* [Material for this exercise]
»»
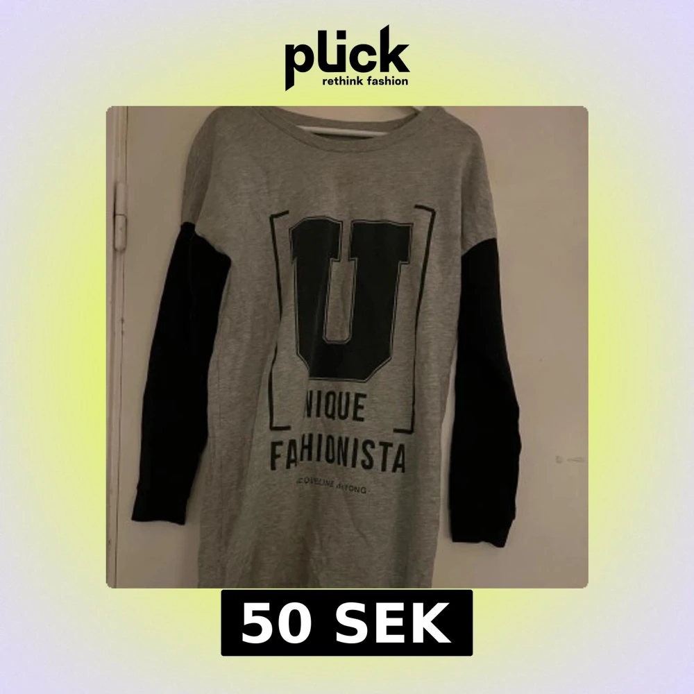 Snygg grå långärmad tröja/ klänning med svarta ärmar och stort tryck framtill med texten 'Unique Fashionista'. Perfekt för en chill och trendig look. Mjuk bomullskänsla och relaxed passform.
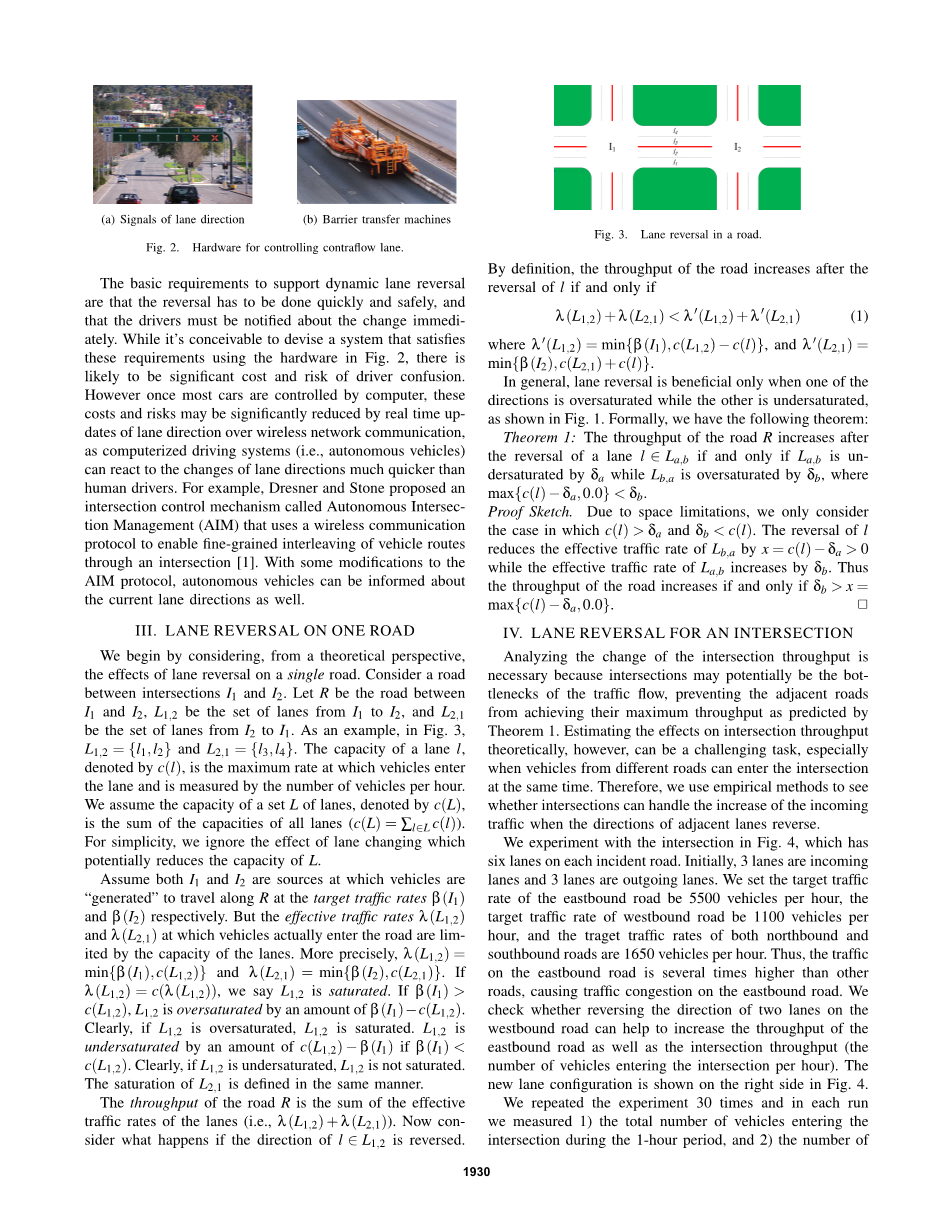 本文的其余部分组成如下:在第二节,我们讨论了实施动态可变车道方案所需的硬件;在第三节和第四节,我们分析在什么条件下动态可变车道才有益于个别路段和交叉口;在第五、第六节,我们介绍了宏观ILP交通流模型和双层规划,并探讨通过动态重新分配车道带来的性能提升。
««
»»
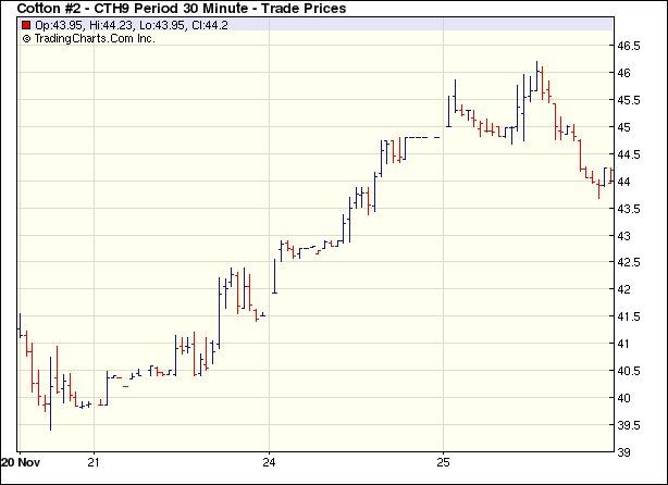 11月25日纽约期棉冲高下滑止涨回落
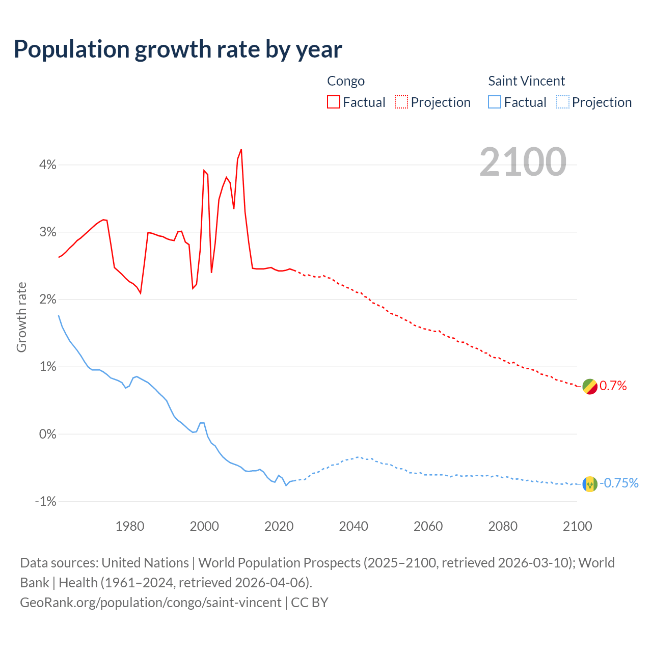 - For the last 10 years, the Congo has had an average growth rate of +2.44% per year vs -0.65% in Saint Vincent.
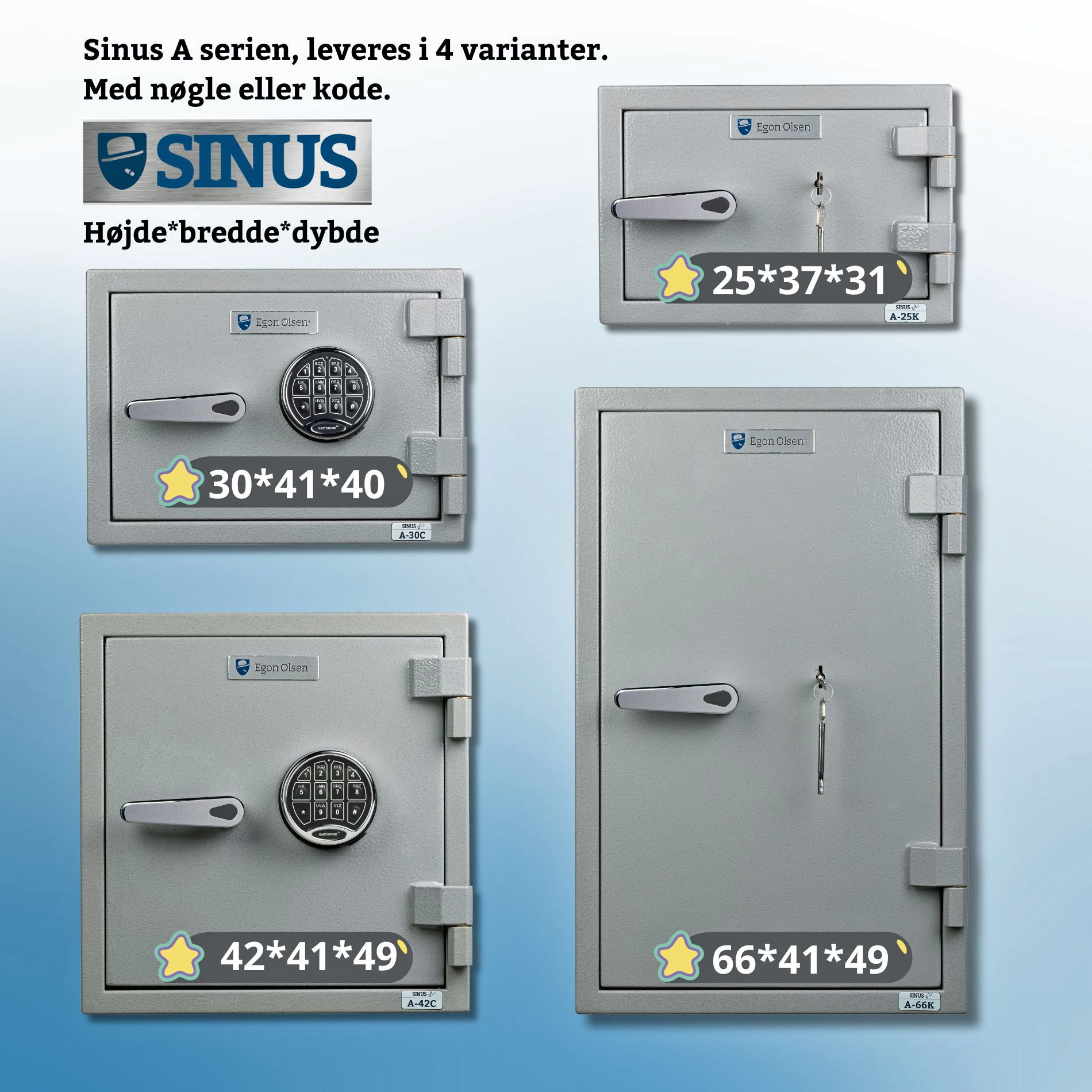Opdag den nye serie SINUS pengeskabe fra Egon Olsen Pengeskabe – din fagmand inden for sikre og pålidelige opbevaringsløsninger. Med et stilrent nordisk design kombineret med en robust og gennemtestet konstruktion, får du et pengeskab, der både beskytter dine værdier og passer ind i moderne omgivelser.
««
»»
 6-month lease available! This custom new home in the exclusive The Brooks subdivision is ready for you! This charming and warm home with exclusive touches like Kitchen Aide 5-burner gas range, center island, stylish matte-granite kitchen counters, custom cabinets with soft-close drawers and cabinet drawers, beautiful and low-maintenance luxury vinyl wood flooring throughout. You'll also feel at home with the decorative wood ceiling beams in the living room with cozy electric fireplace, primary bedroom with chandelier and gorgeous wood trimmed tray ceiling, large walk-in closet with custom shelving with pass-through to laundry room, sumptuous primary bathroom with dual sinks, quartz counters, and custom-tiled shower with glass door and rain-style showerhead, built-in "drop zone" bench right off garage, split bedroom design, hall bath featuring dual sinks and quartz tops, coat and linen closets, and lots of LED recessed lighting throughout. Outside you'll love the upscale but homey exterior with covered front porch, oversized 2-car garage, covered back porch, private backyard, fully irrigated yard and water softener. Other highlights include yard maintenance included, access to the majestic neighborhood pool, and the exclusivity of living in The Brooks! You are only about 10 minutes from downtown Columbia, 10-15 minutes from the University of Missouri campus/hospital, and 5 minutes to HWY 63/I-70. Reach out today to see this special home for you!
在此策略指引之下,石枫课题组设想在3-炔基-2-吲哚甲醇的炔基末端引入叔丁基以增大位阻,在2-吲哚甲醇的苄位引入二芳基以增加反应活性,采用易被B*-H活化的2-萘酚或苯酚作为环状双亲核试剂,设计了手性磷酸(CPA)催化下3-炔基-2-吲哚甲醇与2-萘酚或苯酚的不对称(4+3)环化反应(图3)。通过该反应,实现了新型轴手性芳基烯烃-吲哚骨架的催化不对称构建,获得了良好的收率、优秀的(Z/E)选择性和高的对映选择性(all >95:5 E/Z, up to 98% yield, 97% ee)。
««
* [Work order]
Now transcribe the lines above exactly, starting at the line containing "11月25日纽约期棉冲高下滑止涨回落" and ending at the line containing "Opdag den nye", both lines included, pictures excluded.

* [Reply]
 11月25日纽约期棉冲高下滑止涨回落
 - For the last 10 years, the Congo has had an average growth rate of +2.44% per year vs -0.65% in Saint Vincent.
Opdag den nye serie SINUS pengeskabe fra Egon Olsen Pengeskabe – din fagmand inden for sikre og pålidelige opbevaringsløsninger. Med et stilrent nordisk design kombineret med en robust og gennemtestet konstruktion, får du et pengeskab, der både beskytter dine værdier og passer ind i moderne omgivelser.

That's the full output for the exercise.